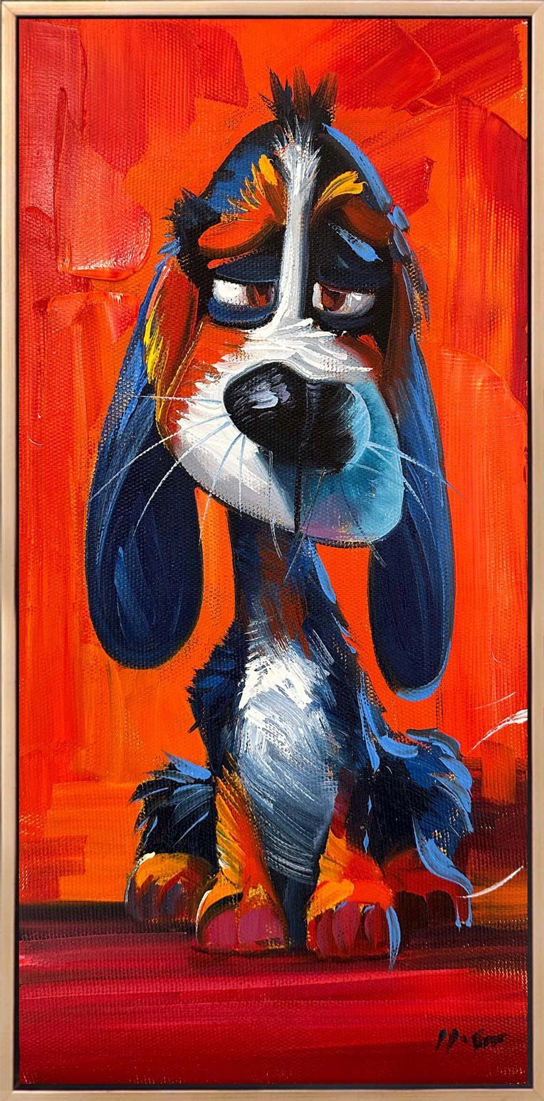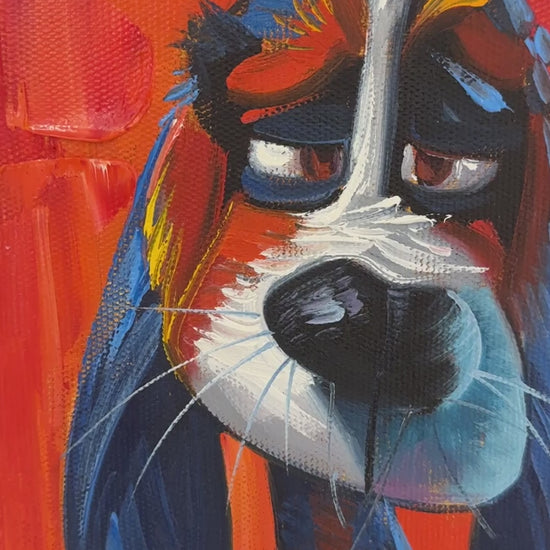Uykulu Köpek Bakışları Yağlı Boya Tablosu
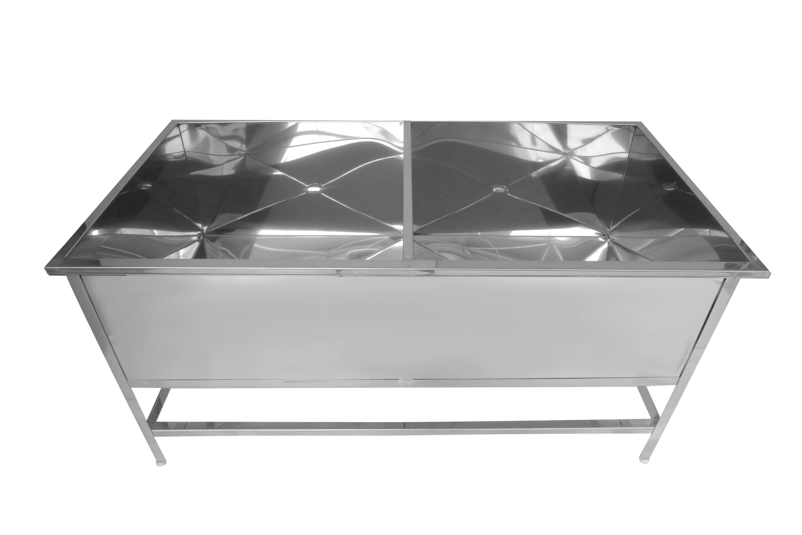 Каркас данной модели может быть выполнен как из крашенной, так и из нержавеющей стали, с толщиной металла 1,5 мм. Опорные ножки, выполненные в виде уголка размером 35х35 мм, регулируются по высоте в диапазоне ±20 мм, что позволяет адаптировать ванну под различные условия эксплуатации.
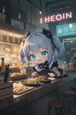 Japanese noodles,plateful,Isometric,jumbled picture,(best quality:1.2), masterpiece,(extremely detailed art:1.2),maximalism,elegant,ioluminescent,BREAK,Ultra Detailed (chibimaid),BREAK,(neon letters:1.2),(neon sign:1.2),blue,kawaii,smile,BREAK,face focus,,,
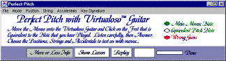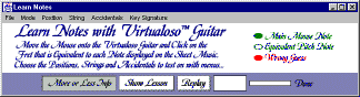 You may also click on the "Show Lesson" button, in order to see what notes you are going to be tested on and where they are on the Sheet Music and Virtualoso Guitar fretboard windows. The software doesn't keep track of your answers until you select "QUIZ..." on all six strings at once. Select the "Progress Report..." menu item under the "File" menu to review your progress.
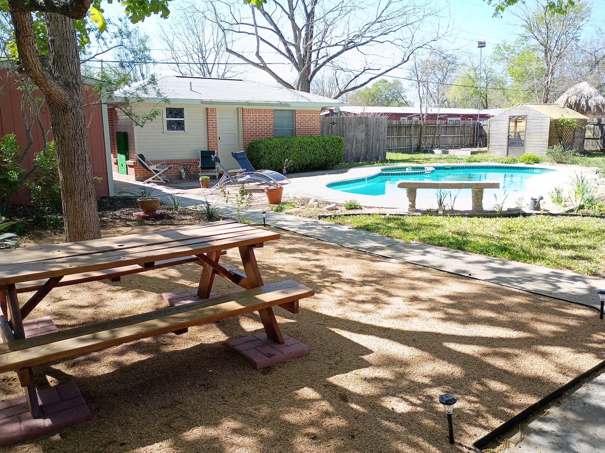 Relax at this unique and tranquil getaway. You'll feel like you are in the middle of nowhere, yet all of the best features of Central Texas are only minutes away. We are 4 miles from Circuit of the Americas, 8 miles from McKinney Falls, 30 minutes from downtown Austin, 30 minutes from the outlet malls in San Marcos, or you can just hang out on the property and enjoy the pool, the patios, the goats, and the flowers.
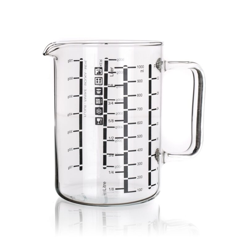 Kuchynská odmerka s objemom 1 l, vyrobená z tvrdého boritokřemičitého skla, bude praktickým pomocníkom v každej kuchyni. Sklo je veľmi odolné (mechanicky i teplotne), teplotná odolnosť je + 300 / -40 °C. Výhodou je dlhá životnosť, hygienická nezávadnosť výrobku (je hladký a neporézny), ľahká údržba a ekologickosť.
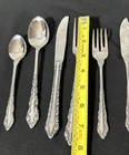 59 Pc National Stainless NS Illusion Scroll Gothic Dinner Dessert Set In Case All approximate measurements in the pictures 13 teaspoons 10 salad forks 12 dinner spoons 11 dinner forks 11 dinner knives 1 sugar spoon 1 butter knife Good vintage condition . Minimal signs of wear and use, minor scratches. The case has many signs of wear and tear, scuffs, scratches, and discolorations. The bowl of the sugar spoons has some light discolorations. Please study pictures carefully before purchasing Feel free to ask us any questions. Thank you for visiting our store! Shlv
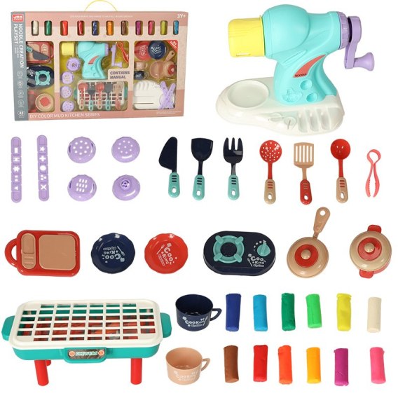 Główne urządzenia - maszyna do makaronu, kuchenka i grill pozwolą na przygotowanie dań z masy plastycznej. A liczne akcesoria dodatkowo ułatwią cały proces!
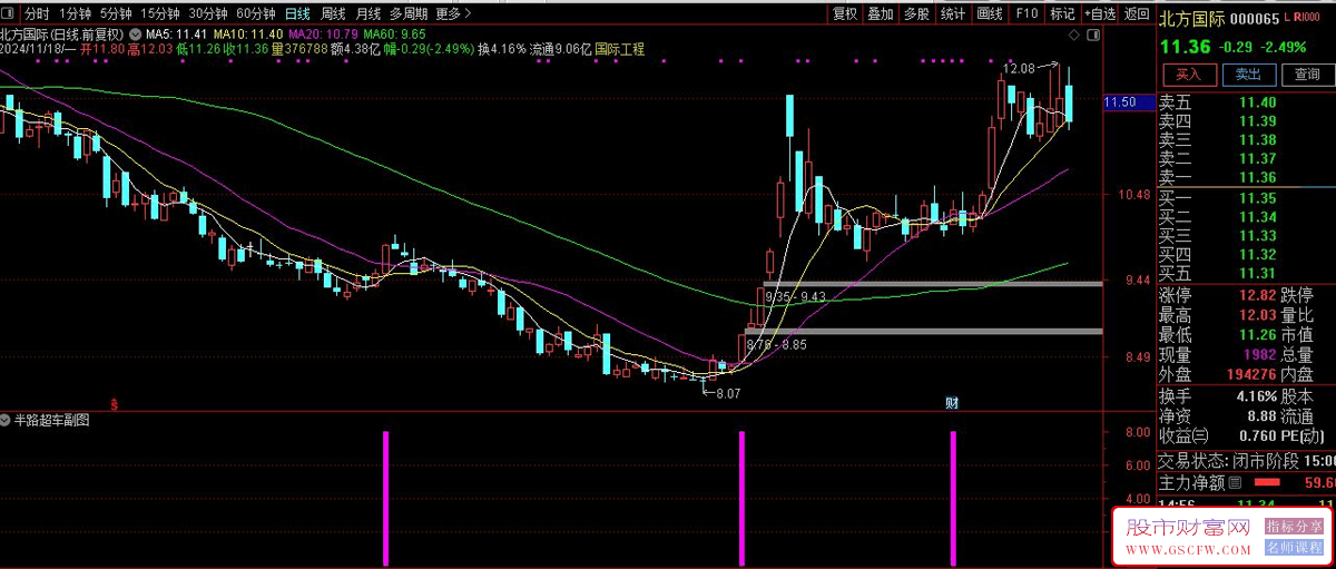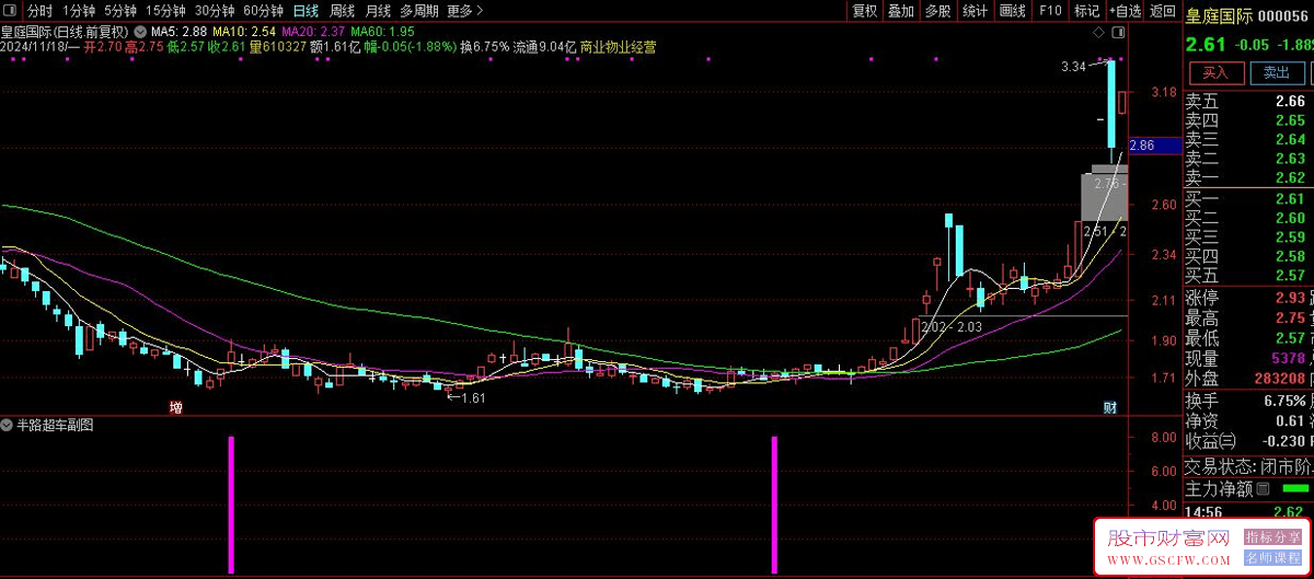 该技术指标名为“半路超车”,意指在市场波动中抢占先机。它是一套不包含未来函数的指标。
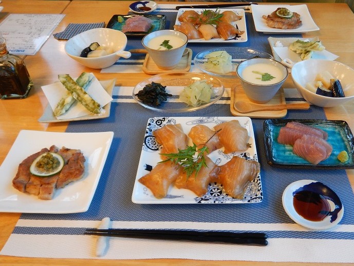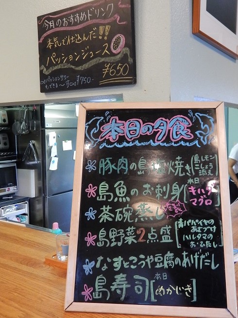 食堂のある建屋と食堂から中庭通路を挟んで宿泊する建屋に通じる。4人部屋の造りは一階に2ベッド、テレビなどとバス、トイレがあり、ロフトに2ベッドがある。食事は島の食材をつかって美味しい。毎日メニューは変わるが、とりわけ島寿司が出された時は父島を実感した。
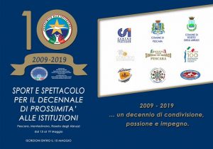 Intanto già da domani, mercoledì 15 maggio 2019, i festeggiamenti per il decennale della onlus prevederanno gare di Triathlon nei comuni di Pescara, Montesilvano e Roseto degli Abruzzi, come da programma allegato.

Activity: Could you reproduce every entry exactly, leaving out the pictures?

Task answer:
Uykulu Köpek Bakışları Yağlı Boya Tablosu
 Каркас данной модели может быть выполнен как из крашенной, так и из нержавеющей стали, с толщиной металла 1,5 мм. Опорные ножки, выполненные в виде уголка размером 35х35 мм, регулируются по высоте в диапазоне ±20 мм, что позволяет адаптировать ванну под различные условия эксплуатации.
 Japanese noodles,plateful,Isometric,jumbled picture,(best quality:1.2), masterpiece,(extremely detailed art:1.2),maximalism,elegant,ioluminescent,BREAK,Ultra Detailed (chibimaid),BREAK,(neon letters:1.2),(neon sign:1.2),blue,kawaii,smile,BREAK,face focus,,,
 You may also click on the "Show Lesson" button, in order to see what notes you are going to be tested on and where they are on the Sheet Music and Virtualoso Guitar fretboard windows. The software doesn't keep track of your answers until you select "QUIZ..." on all six strings at once. Select the "Progress Report..." menu item under the "File" menu to review your progress.
 Relax at this unique and tranquil getaway. You'll feel like you are in the middle of nowhere, yet all of the best features of Central Texas are only minutes away. We are 4 miles from Circuit of the Americas, 8 miles from McKinney Falls, 30 minutes from downtown Austin, 30 minutes from the outlet malls in San Marcos, or you can just hang out on the property and enjoy the pool, the patios, the goats, and the flowers.
 Kuchynská odmerka s objemom 1 l, vyrobená z tvrdého boritokřemičitého skla, bude praktickým pomocníkom v každej kuchyni. Sklo je veľmi odolné (mechanicky i teplotne), teplotná odolnosť je + 300 / -40 °C. Výhodou je dlhá životnosť, hygienická nezávadnosť výrobku (je hladký a neporézny), ľahká údržba a ekologickosť.
 59 Pc National Stainless NS Illusion Scroll Gothic Dinner Dessert Set In Case All approximate measurements in the pictures 13 teaspoons 10 salad forks 12 dinner spoons 11 dinner forks 11 dinner knives 1 sugar spoon 1 butter knife Good vintage condition . Minimal signs of wear and use, minor scratches. The case has many signs of wear and tear, scuffs, scratches, and discolorations. The bowl of the sugar spoons has some light discolorations. Please study pictures carefully before purchasing Feel free to ask us any questions. Thank you for visiting our store! Shlv
 Główne urządzenia - maszyna do makaronu, kuchenka i grill pozwolą na przygotowanie dań z masy plastycznej. A liczne akcesoria dodatkowo ułatwią cały proces!
 该技术指标名为“半路超车”,意指在市场波动中抢占先机。它是一套不包含未来函数的指标。
 食堂のある建屋と食堂から中庭通路を挟んで宿泊する建屋に通じる。4人部屋の造りは一階に2ベッド、テレビなどとバス、トイレがあり、ロフトに2ベッドがある。食事は島の食材をつかって美味しい。毎日メニューは変わるが、とりわけ島寿司が出された時は父島を実感した。
 Intanto già da domani, mercoledì 15 maggio 2019, i festeggiamenti per il decennale della onlus prevederanno gare di Triathlon nei comuni di Pescara, Montesilvano e Roseto degli Abruzzi, come da programma allegato.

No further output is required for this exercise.